If we buy enough stuff, the right stuff, we can create the Christmas pictured in our dreams.

 Meanwhile, both the US Congressional tax giveaway to the rich and a  city-wide fundraiser for our homeless shelter system remind me of Want and Ignorance hiding beneath the skirts of the otherwise jolly ghost.

Dickens' message of giving to the needy as well as celebrating with friends and family is a worthy one, a good starting point, but I am frustrated by an inability to get beyond the starting point and closer to the central reason for the holiday.

Familiarity of the text plays a role, I'm sure. As an English major and occasional poet, I am drawn in by the rhythms of well-known passages.  I taught A Christmas Carol to my honors classes, reading and analyzing  it more than once annually for almost twenty years.

But I've been reading the Bible longer and I'm sure there is no chapter more familiar than Luke 2. So why does "Marley was dead: to begin with." pull me in more strongly this year than ". . . there went out a decree from Caesar Augustus. . . ?"

It could be that life is too noisy. I am still emotionally caught up in the national political train wreck. And my own life is not much more controllable. I live in limbo wondering whether I will eventually qualify for Social Security Disability and if my hearing will happen before I run out of benefits from work I can no longer do. Until that is decided, I'm told not to seek other employment.

My children are now adults with concerns grown beyond a mother's solving.
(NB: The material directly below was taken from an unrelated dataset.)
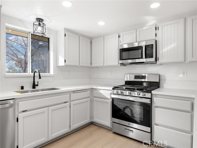 Freshly renovated 3 bedroom 2 bath frame home in Phelan offering 1,248 square feet of living space. On the outside the home has been updated with all new exterior siding, exterior paint and fixtures. The home has been completely refreshed inside with new laminate wood flooring throughout with carpet in the bedrooms, new interior paint and baseboards and new fixtures. The kitchen has newly painted cabinets with new quartz counters and new stainless steel appliances. The bathrooms both have new vanities, new fixtures and each of the tubs have been reglazed. There is paid off solar on the home to the benefit of the new owner. The land has mostly natural vegetation which makes for a park like setting and there is a storage shed in the front which was painted to match the house. The home sits on 2.3 acres of fenced property, zoned for horses, located close to pavement, and located within the Snow Line School District.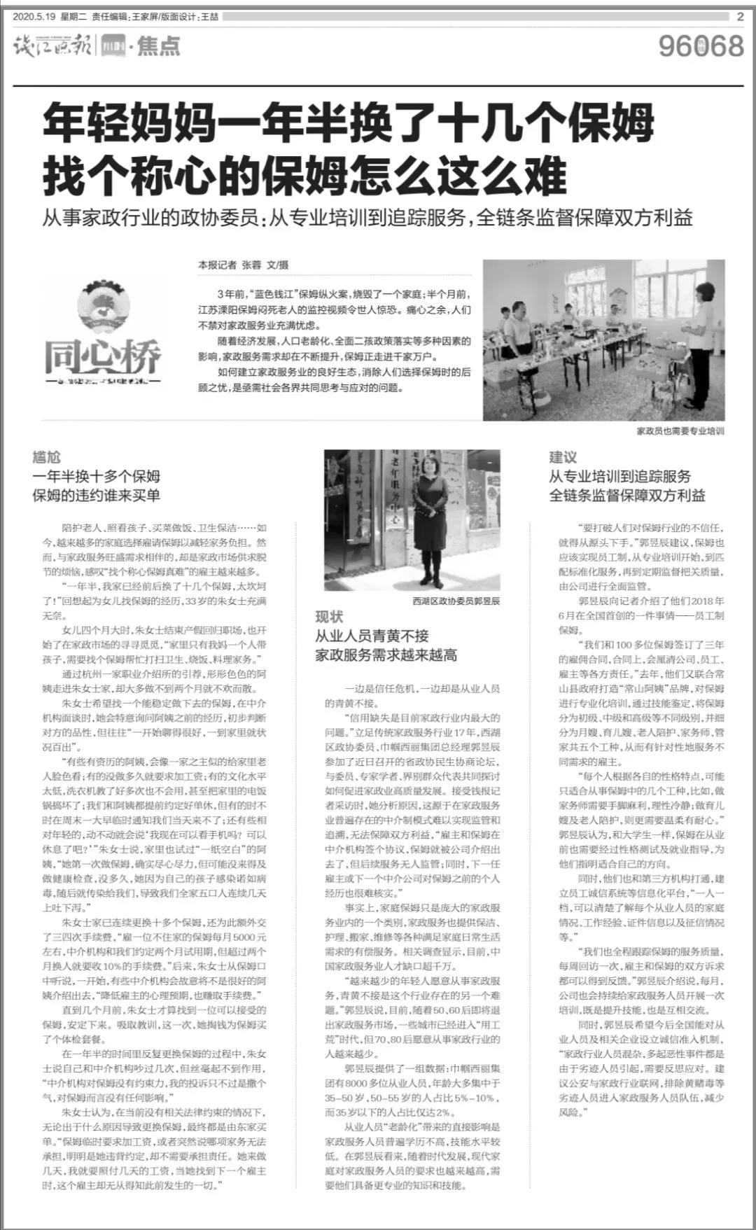 “信用缺失是目前家政行業(yè)內(nèi)最大的問題。”立足傳統(tǒng)家政服務(wù)行業(yè)17年,浙江省杭州市西湖區(qū)政協(xié)委員、巾幗西麗集團總經(jīng)理郭昱辰參加了近日召開的浙江省政協(xié)民生協(xié)商論壇,與委員、專家學(xué)者、界別群眾代表共同探討如何促進家政業(yè)高質(zhì)量發(fā)展。接受錢報記者采訪時,她分析原因,這源于在家政服務(wù)業(yè)普遍存在的中介制模式難以實現(xiàn)監(jiān)管和追溯,無法保障雙方利益,“雇主和保姆在中介機構(gòu)簽個協(xié)議,保姆就被公司介紹出去了,但后續(xù)服務(wù)無人監(jiān)管;同時,下一任雇主或下一個中介公司對保姆之前的個人經(jīng)歷也很難核實。”2020年5月19號巾幗西麗集團旗下遐齡薈商城受“錢江晚報”2、3、16版宣傳報道。

And Fibromyalgia is definitely part of the problem. Like the Grinch, my "brain is full of spiders." Without medication, they crawl around and nibble nerve endings. With medication, they wriggle in place. Either way, any feeling of concentration or meditation is fleeting. I can maintain a calm exterior but inside all is unfocused, unfocusable anxiety.

I doubt Dickens or the spirits he created can help me keep Christmas better, but I'm hoping that a very quiet Christmas week with nothing planned but long walks with my husband and as much time as possible with the boys will help me find the peace and hope I need.

 I wish you peace in the holidays and in the new year as well.